Several other pieces of legislation affecting agriculture and natural resources that passed include local preemption of pesticides, loosening oil and gas drilling reviews on state lands, and new knowledge requirements for environmental health specialists that inspect retail food establishments. Here’s a summary of the agricultural related bills that now await the Governor’s action.

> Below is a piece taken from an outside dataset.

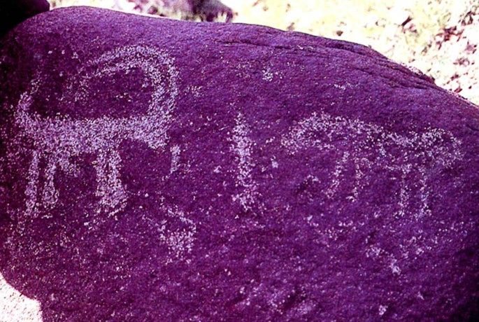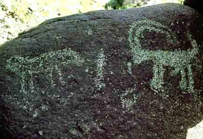 克爾堿巖畫位于托克遜縣庫加依鎮(zhèn)境內,南距鎮(zhèn)政府約4.5千米,巖畫散布在鎮(zhèn)北的克爾堿 溝兩岸,畫面內容主要有:羊、牧羊人、鹿、狗、駱駝以及狩獵、放牧等場面。其中一幅水系圖令人注目。巖畫基巖均為侏羅紀粗砂巖。相傳有位神匠途經此地,眼見四周環(huán)境優(yōu)美,于是整日靜坐在河岸欣賞,后將四周景色逐一刻畫于巖壁上,形成人們今天看到的巖畫。

Zoning authority over small scale solar -- H.B. 501

An amendment to a township bill will grant counties, townships, and municipalities regulatory authority overthe location, erection, construction, reconstruction, change, alteration, maintenance, removal, use, or enlargement of any small solar facility, whether publicly or privately owned, or the use of land for that purpose.” The bill defines a “small solar facility” as one that has a single interconnection point to the grid and is under 50 MW. That number is important, because it addresses solar facilities that were not subject to S.B. 52, passed last year, which gave counties and townships new authority over wind and solar facilities that are over 50 MW. 

Agriculture – H.B. 507

This bill began as a simple provision reducing the number of poultry chicks that can be sold in lots from six to three.  Before it passed, however, the Senate Agriculture & Natural Resources Committee added six amendments, including these:

  • Local preemption of pesticides

Prohibits a political subdivision from regulating or banning the packaging, registration, labeling, sale, storage, distribution, use, or application of a pesticide registered with ODA on private property.

  • Environmental health specialists and food safety regulations

Requires ODA and ODH to adopt new rules for evaluating Environmental Health Specialists’ knowledge of food safety laws and to include the evaluations when assessing a board of health’s ability to license retail food establishments and food service operations.  Also revises several food safety laws to align them with state and federal laws.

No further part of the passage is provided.